The Write Stuff: 3 Expert Tips from Tama Hasson on Academic Science Writing

Dr. Tama Hasson starts off her New Year grilling would-be science writing skills tutors. From January to June, she interviews and evaluates senior graduate students to see if they have the “write stuff” to shepherd Amgen Scholars through the science writing process at UCLA.

The tutors become partners in a summer-long process to train the scholars in writing an academic paper, from proposal to abstract to full paper. It’s a rigorous process that starts even before the scholars arrive to the UCLA campus with an assigned reading list. Week 1 of the program, the students must then produce a proposal based on the reading list. The goal is to prepare Amgen Scholars directly for writing and publishing their research in scientific journals.

Amgen Scholars are prolific publishers. Looking at just the statistics for UCLA the past year, Hasson counts at least 18 new Amgen Scholars papers. She credits that success in no small part to their science writing training program.

After many years of hiring and training the writing skills tutors and seeing the students’ final papers, as well as being a published Ph.D. scientist herself, Hasson has a wealth of insights into what makes for strong academic science writing. We spoke with her, to get her top 3 tips for our alumni as they work to publish their research.

Know your audience

“You are not writing the paper for you, you are writing the paper for your reader,” Hasson says. Oftentimes, she explains, early career researchers forget that their paper has to be self-explanatory to others.

She likens reading some papers to reading a murder mystery, where you are not sure what is happening moment to moment, but you feel sure you’ll be filled in later. But an academic paper should not read like a mystery; it should read like a story with a natural beginning, middle, and end, where each piece of information shared has significance and logically leads to the next question. “A paper should move forward like a partnership between the writer and reader,” she says.

Also important to knowing your audience is understanding the conventions of the specific research discipline the paper fits within. As throughout the Amgen Scholars Program, Hasson works with students in many disciplines that have different conventions for writing papers. “A chemistry paper is very different than a cell biology paper,” she explains.

Hasson advises that students check with their mentors on the right format for their field. At UCLA, the writing skills tutors encourage conversations early and often between the students and mentors on the specific paper format, especially for references. “Anything the student does should be the discipline norm,” Hasson says.

Remember the big picture

One of the biggest tests in vetting the writing skills tutors for UCLA is how they approach a sample abstract they are asked to edit. Only 60% of candidates pass this test. Hint: If they just fix the typos, they are not going to make the cut.

The key, Hasson says, is understanding the correct structure for an abstract. The sample abstract she provides for the test represents a common error for early academic science writers: forgetting the big picture. “New writers often forget to tell you what the question is their research is addressing,” she says.  “For example, they just hone in on the gene of interest.”

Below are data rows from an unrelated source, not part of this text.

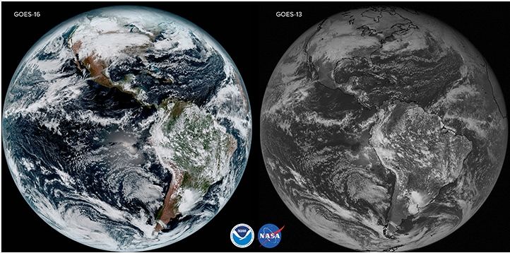 La imagen en la parte superior muestra el disco completo del Hemisferio Occidental según lo observado por GOES-16 a la 1:07 pm hora del Este del 15 de enero. La segunda imagen (abajo) muestra la nueva imagen junto a la tomada por GOES-13 en el mismo momento. Observe que las características de nubes y continentales están ligeramente compensadas debido a las diferentes posiciones de los satélites: GOES-16 se encuentra a 89.5º longitud Oeste, mientras que GOES-13 observa desde 75 º Oeste.
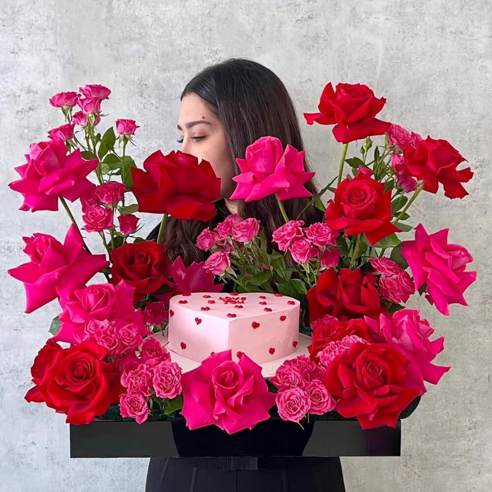 Ищете идеальный подарок на день рождения для неё? Наш цветочный поднос с тортом «Love You Heart» — это идеальное романтическое сочетание цветов и торта, созданное для выражения любви, нежности и роскоши в одной прекрасной композиции. Этот элегантный подарок представляет собой розовый торт в форме сердца с красными сердечками и надписью «Love You» — идеальный романтический торт для дня рождения, годовщины или Дня святого Валентина. Торт искусно расположен на чёрном роскошном подносе и окружён 10 красными розами, 10 розовыми розами и 40 кустовыми розами, тщательно отобранными по принципу свежести и красоты. Независимо от того, делаете ли вы сюрприз на день рождения жене, девушке или невесте, эта потрясающая подарочная коробка с розами и тортом сделает каждый момент незабываемым. Это также продуманный выбор для празднования годовщины, любовных сюрпризов, подарков для пары или доставки в тот же день в Дубае, Шардже и Аджмане. Каждый цветок тщательно составлен компанией Majd Flowers UAE, чтобы создать роскошную романтическую подарочную коробку, которая будет прекрасно выглядеть на фотографиях и доставлена к вашему порогу свежим.
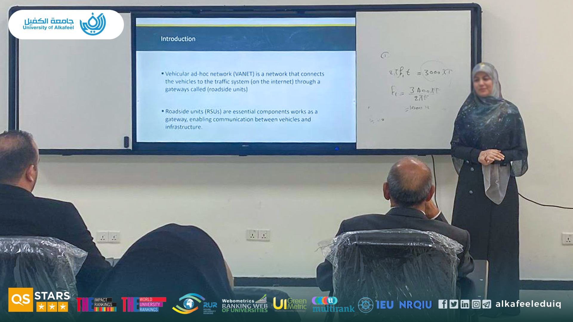 The Department of Artificial Intelligence at the College of Science, University of Alkafeel , held a workshop titled "Artificial Intelligence in Vehicular Ad Hoc Networks (VANETs)" on Sunday, November 16, 2025. The workshop was presented by Asst. Lect. Fatima Tahseen Ali.

What Hasson likes to see in the writing skills tutor testing is an understanding of how an abstract should be organized and a willingness to rearrange it. The abstract should start with the big picture and then narrow in on the specific question and the approach being taken to address it. This helps set up the paper as an engaging story. “No one is going to want to read your paper if abstract isn’t interesting,” Hasson says.

The same lesson holds true for a full paper. An introduction, for example, should start broad with the big picture and get narrower; for a paper about targeting a gene for cancer, that would mean starting by discussing a particular cancer and a gene, moving to what researchers know about how a gene signaling pathway leads to cell growth, and then on to the goal of creating a new drug based on that pathway.

Welcome feedback and revisions

Writing is a creative process and necessarily involves a lot of destruction and reconstruction along the way. Anyone who has published a scientific paper knows that it goes through many rounds of reviews, from collaborators to peer-review to professional editors. Before working with students, Hasson ensures that the writing skills tutors are prepared for the laborious revision process to come.

“Our tutors need to be used to the idea that in writing, you should welcome feedback,” she says. The tutors review and provide feedback to each part of the scholars’ papers, starting with the proposals. The beauty of the process, she says, is seeing the papers evolve from multiple revisions and sets of commentary.

By no means are these tips all Hasson has to say about best practices for writing scientific papers. Other common mistakes she sees include:

  • Getting caught up in the method in excruciating detail
  • Not paying attention to word limits
  • Not defining abbreviations
  • Making every panel a figure, rather than putting together individual figures side-by-side for descriptive panels
  • Forgetting to include statistical analysis in the methods

The list could go on and on, and writing is something that will improve based on experience throughout your career. But to start, focus on the big picture and nailing the structure for your audience. And, of course, be open and willing to change your approach based on constructive feedback. That’s the write stuff you’ll need to take your papers to the next level!